The data below is to be written out exactly, with no pictures.

=== COLLECTED DATA ===
⁂
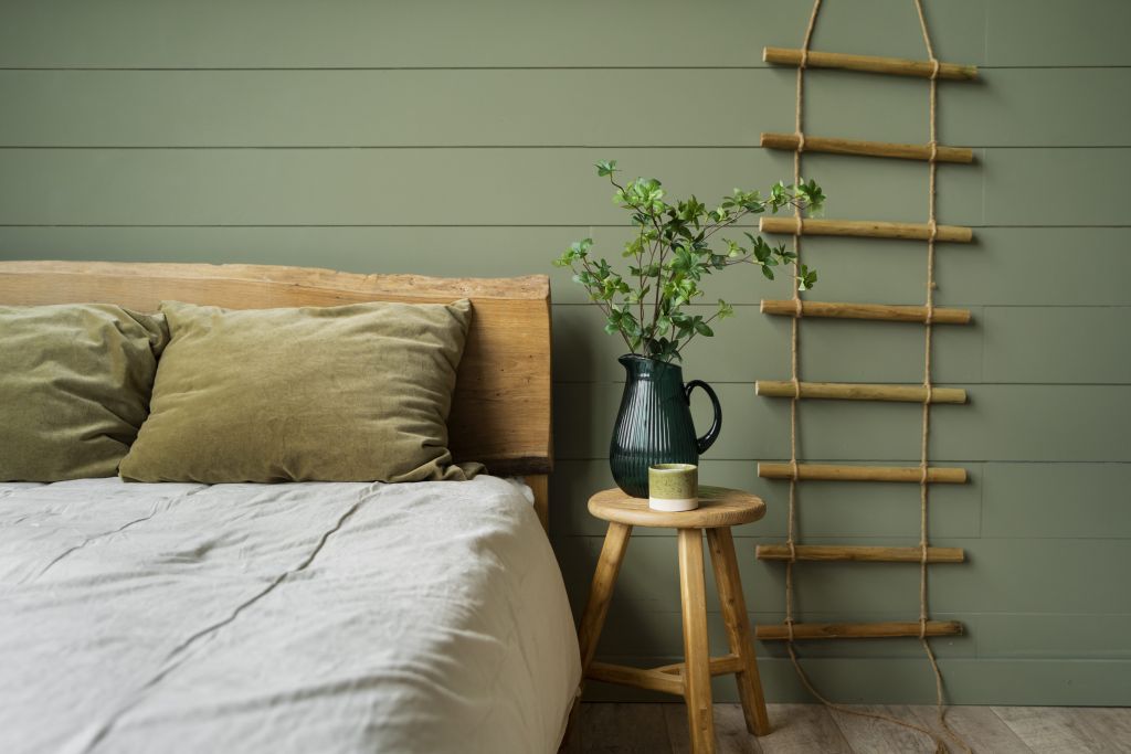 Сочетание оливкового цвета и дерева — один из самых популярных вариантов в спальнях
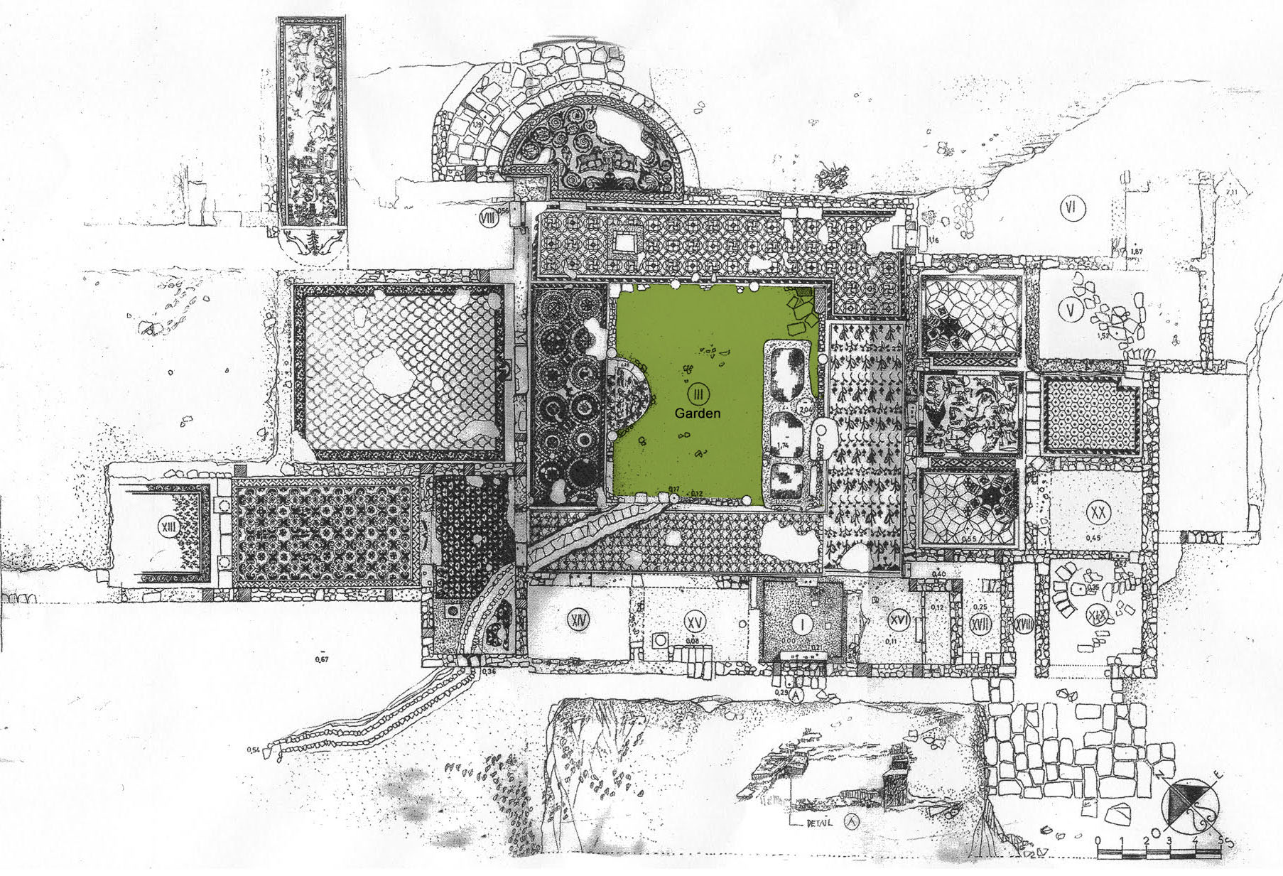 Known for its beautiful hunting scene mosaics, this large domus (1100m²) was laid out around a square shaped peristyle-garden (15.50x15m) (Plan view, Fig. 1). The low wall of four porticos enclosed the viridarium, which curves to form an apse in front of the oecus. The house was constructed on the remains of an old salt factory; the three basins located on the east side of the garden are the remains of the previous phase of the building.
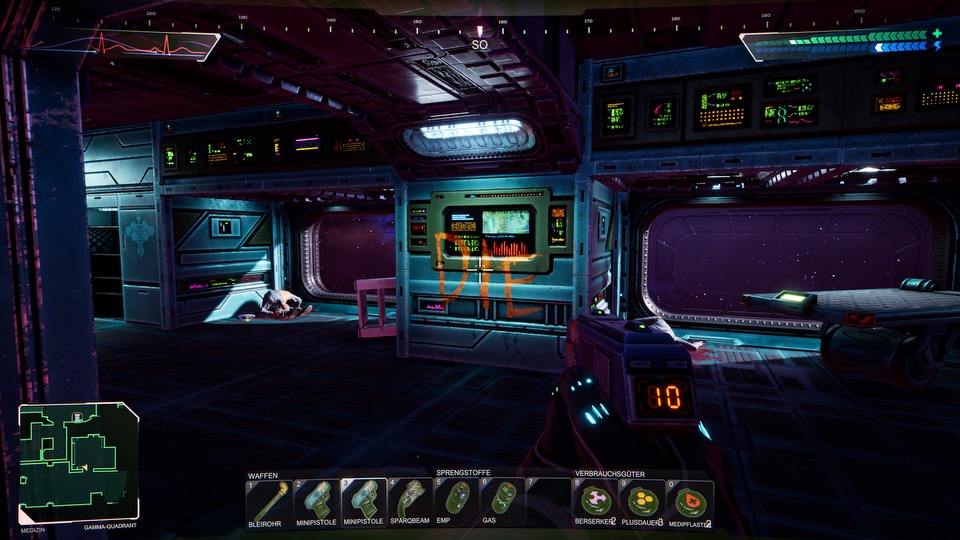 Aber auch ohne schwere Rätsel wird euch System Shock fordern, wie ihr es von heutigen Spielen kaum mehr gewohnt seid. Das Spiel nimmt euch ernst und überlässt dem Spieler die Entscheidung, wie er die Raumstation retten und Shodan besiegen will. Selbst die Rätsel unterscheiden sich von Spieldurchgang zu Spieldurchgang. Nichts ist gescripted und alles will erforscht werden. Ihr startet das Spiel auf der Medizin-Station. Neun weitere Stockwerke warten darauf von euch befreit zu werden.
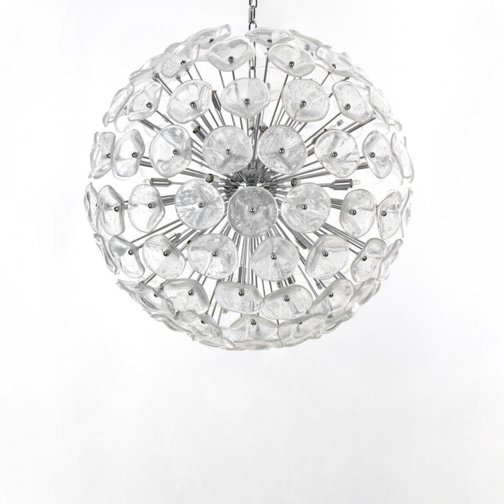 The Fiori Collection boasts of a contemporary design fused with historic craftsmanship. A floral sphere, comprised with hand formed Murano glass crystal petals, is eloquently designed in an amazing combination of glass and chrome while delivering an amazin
⁂
=== WRITTEN SOLUTION ===
 Сочетание оливкового цвета и дерева — один из самых популярных вариантов в спальнях
 Known for its beautiful hunting scene mosaics, this large domus (1100m²) was laid out around a square shaped peristyle-garden (15.50x15m) (Plan view, Fig. 1). The low wall of four porticos enclosed the viridarium, which curves to form an apse in front of the oecus. The house was constructed on the remains of an old salt factory; the three basins located on the east side of the garden are the remains of the previous phase of the building.
 Aber auch ohne schwere Rätsel wird euch System Shock fordern, wie ihr es von heutigen Spielen kaum mehr gewohnt seid. Das Spiel nimmt euch ernst und überlässt dem Spieler die Entscheidung, wie er die Raumstation retten und Shodan besiegen will. Selbst die Rätsel unterscheiden sich von Spieldurchgang zu Spieldurchgang. Nichts ist gescripted und alles will erforscht werden. Ihr startet das Spiel auf der Medizin-Station. Neun weitere Stockwerke warten darauf von euch befreit zu werden.
 The Fiori Collection boasts of a contemporary design fused with historic craftsmanship. A floral sphere, comprised with hand formed Murano glass crystal petals, is eloquently designed in an amazing combination of glass and chrome while delivering an amazin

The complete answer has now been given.